"A New York Treasure" --Village Voice

Our Town

Murray Kempton was a famous New York newspaperman for more than fifty years. I’ve tried to read his stuff on occasion and there is something about his language that I can’t get past–I’ve always had a difficult time appreciating and understanding his work. At the same time, I’ve also felt that I should get him, that I’m missing something.

Oh, well. I did love him as a New York character, however–he was legendary for riding his bicycle all around town. In 1994, I was working as a waiter at a modest neighbhorhood restaurant on the Upper West Side and had the pleasure to serve Mr. Kempton lunch one afternoon. He had clamps around his ankles so that his pants would not get caught on the chain of his bike. We chatted some and he was every bit the gentleman.

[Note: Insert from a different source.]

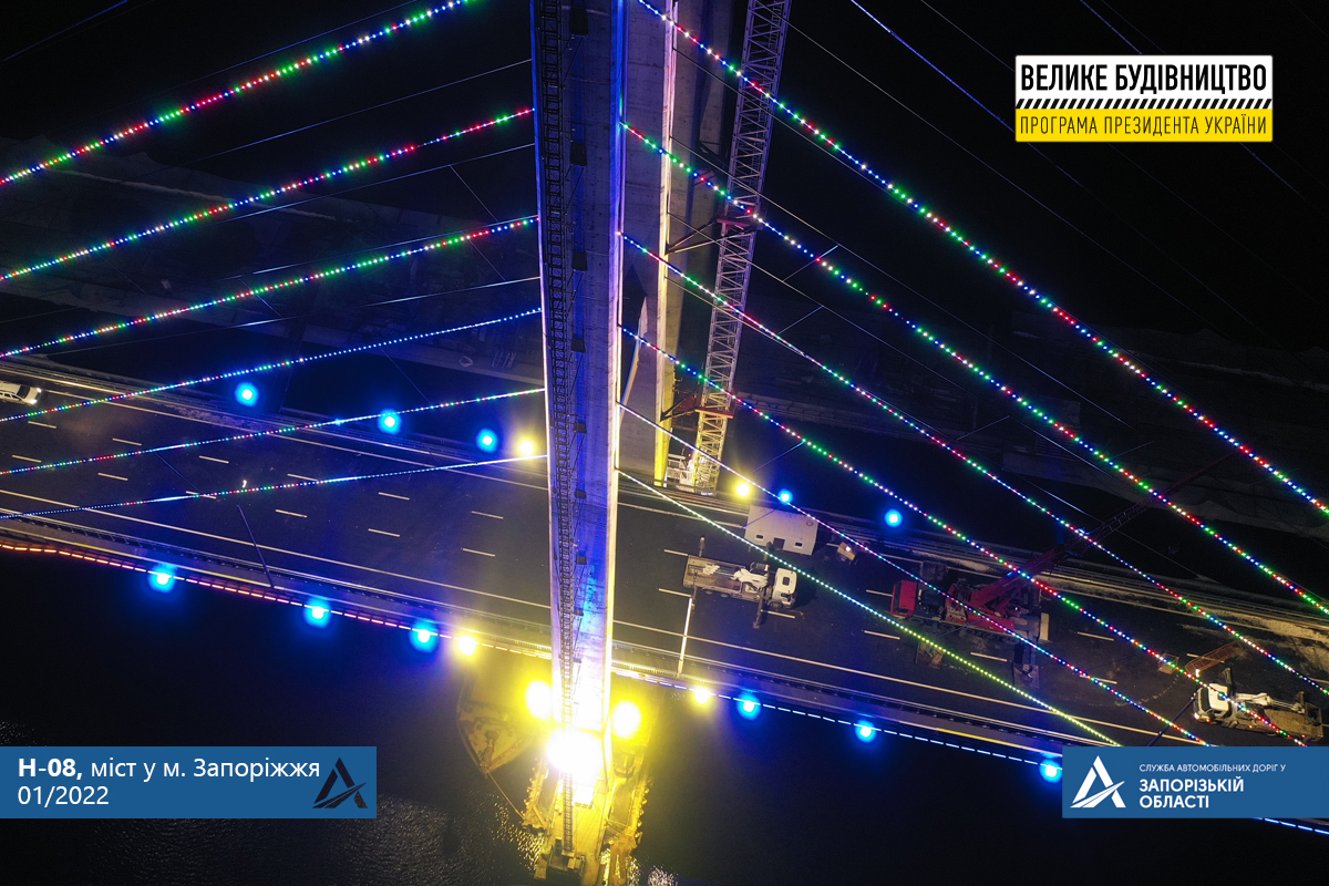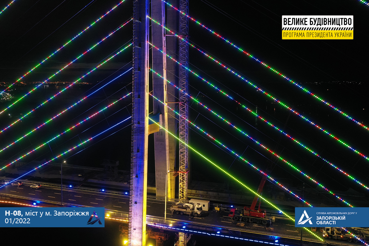 Стальные канаты вантового моста и сами пилоны украшены LED-подсветкой. Её включают в тёмное время суток в Запорожье.

Anyhow, I bring Kempton up because I ran across an article he wrote for “Sport” magazine back in 1962 about the Mets called “Back at the Polo Grounds.” Since we were talking about New York fans a couple of days ago, I thought you guys might enjoy this:

The New York of the Giants, Dodgers, and Yankes was an annual re-evocation of the War between the States. The Yankees were the North, if you could concieve a North grinding along with wealth and weight and without the excuse of Lincoln. The Giants and Dodgers were the Confederacy, often undermanned and underequipped and running then because it could not hit. You went to Yankee Stadium if you were the kind of man who enjoyed yelling for Grant at Richmond; you went to the National League parks to see Pickett’s cahrge…

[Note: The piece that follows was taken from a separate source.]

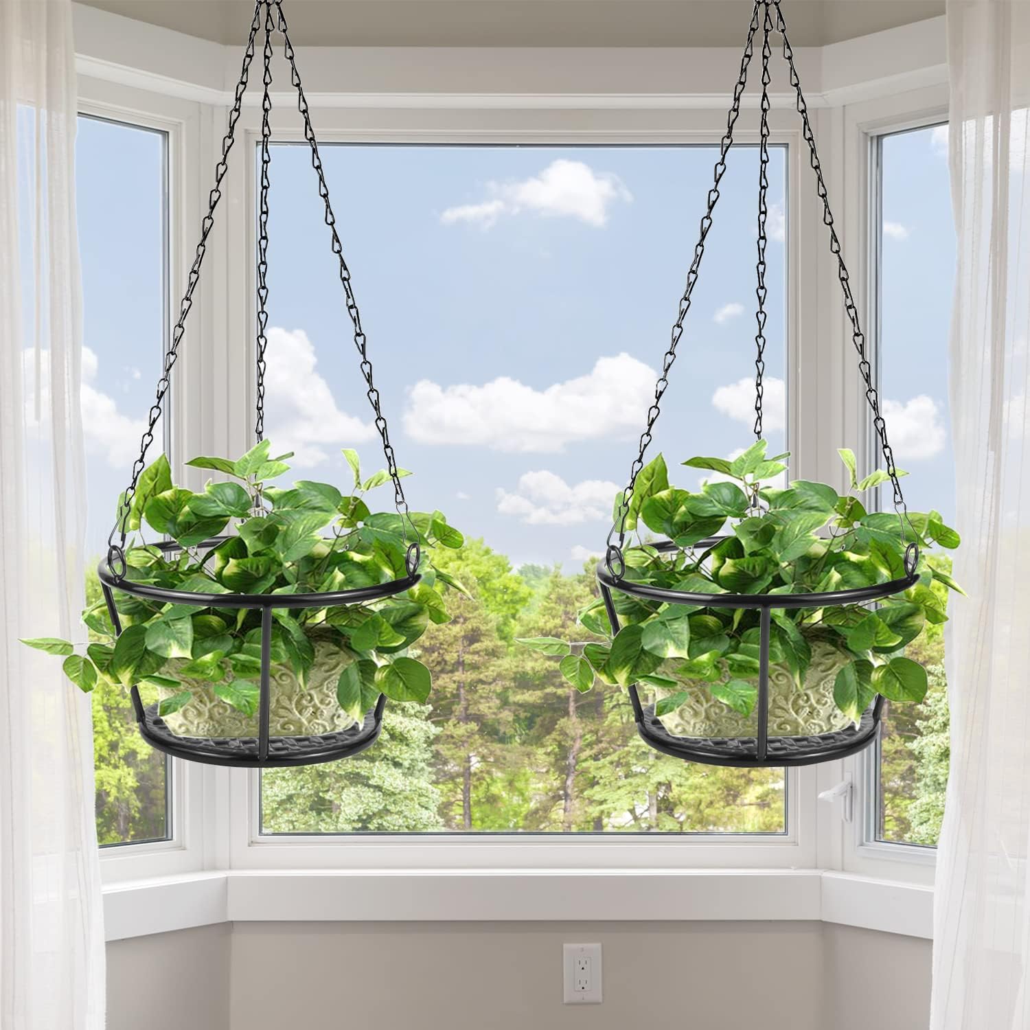 - Easy Installation: The package includes 2 x basket, 2 x hanging chain set. These plant hangers are easy to use, Just simply attach the chain to the basket and it's ready to hang anywhere you want. They can combine into one double tier plant hanger when 2 sets of the chains are connected.

The old Dodger fans werer the kind of people who picket. The old Giant fans would be embarrassed to do anything so conspicuous, but they were the kind of people who refuse to cross picket lines. Yankee fans are the kind of people who think they own the company the picket line is thrown around. It is impossible for anyone who does not live in New York to know what it truly is to hate the Yankees. As writer Leonard Koppett has said: ‘The residents of other cities who hate the Yankees really only hate New York.’…But, if you live in New York and you’re not a Yankee fan, you hate them the way you hate Consolidated Edison or your friendly bank.

Kempton’s essay can be in found in the fine collection, “Baseball: A Literary Anthology.”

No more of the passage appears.